Now in Appendix A, a.k.a section 6 one can find:
In 6.1 it shows
OCTET          =  %x00-FF
However section 6.2 says that that only 7 bit values are allowed.

Taking this into account and the fact that Appendix A of RFC 2234
represents 
informative (not normative) part of the document, I do not see how and
why it should be followed. 

You are saying, that "We adopted that core for Megaco".
I've failed to find any reference in the Megaco documents to RFC2234
Appendix A or
section 6.2.

And as I wrote before, Megaco document does have the following
definition: 
nonEscapeChar        = ( "\}" / %x01-7C / %x7E-FF )
which definitely requires encoding which supports 8 bit values.

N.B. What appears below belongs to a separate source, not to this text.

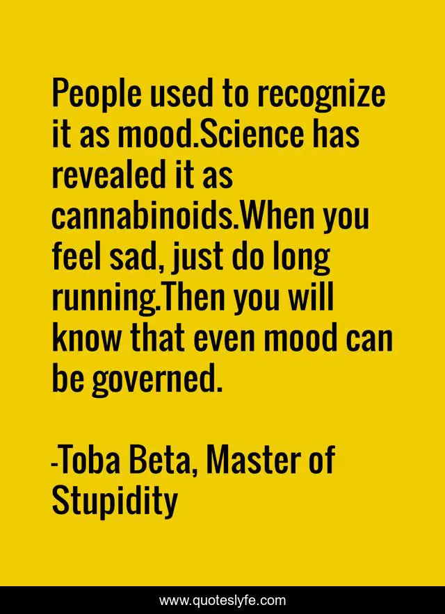 This page presents the quote "People used to recognize it as mood.Science has revealed it as cannabinoids.When you feel sad, just do long running.Then you will know that even mood can be governed.". Author of this quote is Toba Beta, Master of Stupidity. This quote is about chemistry, run, mood, sad, brain, running, cannabinoids, sport, happiness,.

And Megaco document claims support for UTF-8 string which also need 8
bit values support. 


Regards,
Sasha


-----Original Message-----
From: Tom Taylor [mailto:taylor at nortel.com] 
Sent: Friday, June 24, 2005 11:07 AM
To: Sasha Ruditsky
Cc: Christian Groves; itu-sg16 at external.cisco.com;
Angelo.Contardi at ITALTEL.IT
Subject: Re: H.248 and UTF-8 strings.

Appendix A in which section 6.2 appears is "a convenient core for
specific grammars".  We adopted that core for Megaco.  In fact, ABNF can
be more general.  When I look at the first paragraph of section 2.3 I
see:

   "Rules resolve into a string of terminal values, sometimes called
    characters.  In ABNF a character is merely a non-negative integer.
    In certain contexts a specific mapping (encoding) of values into a
    character set (such as ASCII) will be specified."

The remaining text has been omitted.